The problem of capitalism's current cultural crisis is that productive relations are so outmoded in relation to the potential for dynamic productivity of creative abundance that artists thinking and working within the belief-structure of the capitalist system are only likely to reproduce the stagnation arising from redundant relationships. Just as the late Roman Empire produced a decadent and dying artistic culture and the collapsing Ottoman Empire found itself artistically adrift, so "art" in the present stage of capitalism is increasingly divided between the commercial populism of cartoon video imagery which is pointless and often poisonous and fake innovations which impress only those who are paid to be impressionable.
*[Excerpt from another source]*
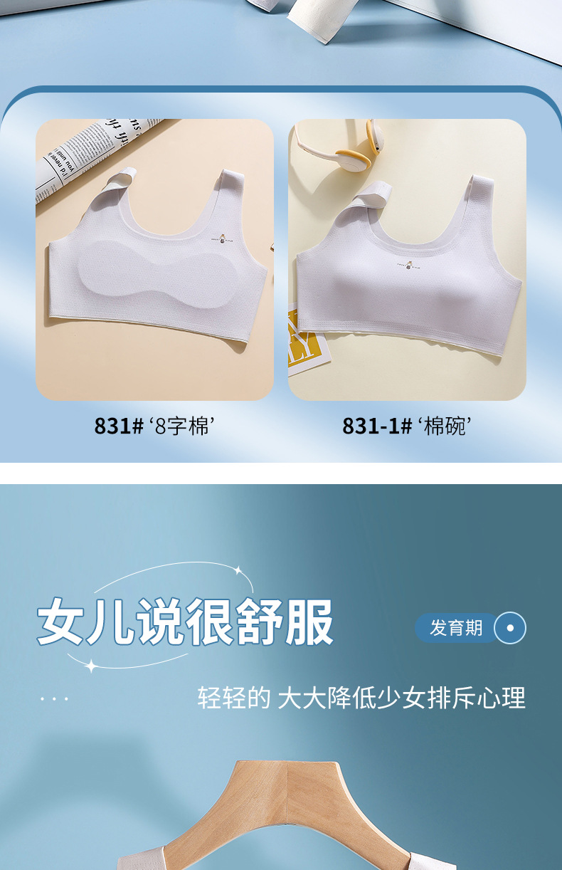 831 면화 소녀 브라 발달 속옷 여중학생 고등학생 고정 컵 조끼 속옷스토어 가기

Living art must relate to people as we are and not to trained consumers of warmed-up relics by the dead or pretentious trash by the dead boring. The rhythm of art is social activity: productive work in its broadest sense (from wood-cutting to mixing paints). As Ernst Fischer explained in his very clearly-stated Marxist analysis, The Necessity of Art:
Art... is a form of work, and work is an activity peculiar to mankind . . . Man takes possession of the natural by transforming it. Work is transformation of the natural. Man also dreams of working magic upon nature, of being able to change objects and give them new form by magic means. This is the equivalent in the imagination of what work means in reality. Man is, from the outset, a magician.
But the magicians of our age are more like tricky conjurers pulling imitation rabbits out of their hats. For, the principal art of capitalism is the advertising industry and its insidious assault upon our tastes and desires does not reflect the rhythm of life but rather seeks to dictate it. Today's "artists" are the producers of ads for Renault and Guinness - the product is immaterial: drive it or drink it, but the boys in red-rimmed specs will make you buy it.

Is there any hope for meaningful art in a society where money buys creativity, distorts wants and crushes hope? Is such a wretched social order capable of much more than Mister Blobby?

And yet there does emerge subversive art. Sometimes it is appropriated by those it threatens. Just as armies defuse explosive devices, the artists who rebel are made safe by being given jobs and allowed to turn rebellion into a fashion. So it is that designer-made Anarchist symbols can now be purchased from the trendiest clothes shops and chinless wonders frequent the wine bars of Kensington wearing ripped jeans and expensive punk labels. Capitalism finds it easier to buy subversion than to fight it.

Exceptions do exist. The photo-art of the Brazilian photographer, Sebastiao Salgada, whose images of the hellish lives of workers were recently exhibited in a remarkable free exhibition "Workers - An Archeology of the Industrial Age" at the Royal Festival Hall, shows just how much of an impact the depiction of the conditions of contemporary wage slavery can make.

For the present writer (as for several other socialists who saw the exhibition) this was a refreshing glimmer of haunting reality within an art world usually inhabited by preciously insignificant artifacts. Without lionizing workers in the grotesque manner of the old "socialist realists", Salgada's pictures capture the essential dignity of productive creation while never flinching from the nightmarish wretchedness which characterizes so much daily labour. (A book containing some of the photographs has been published.) Here is art penetrating existing relations rather than retreating from them into the pseudo-inner-soul of the artist.

Those who saw Tony Hancock's satirical depiction of the pretensions of the art world in his 1960 film, The Rebel, will recognize that with the Turner Prize art has come to imitate comedy. Likewise, readers of Aldous Huxley's novel, Brave New World, will detect in the recent superstardom of Mister Blobby the rise of a form of artistic expression only possible when its audience is being conditioned to the idiotic level of meaningless entertainment. Poverty takes many forms, and not the least of them is that which holds up an artistic mirror to the social ethos and reflects in it an abstract, ludicrous portrait of a system of social chaos.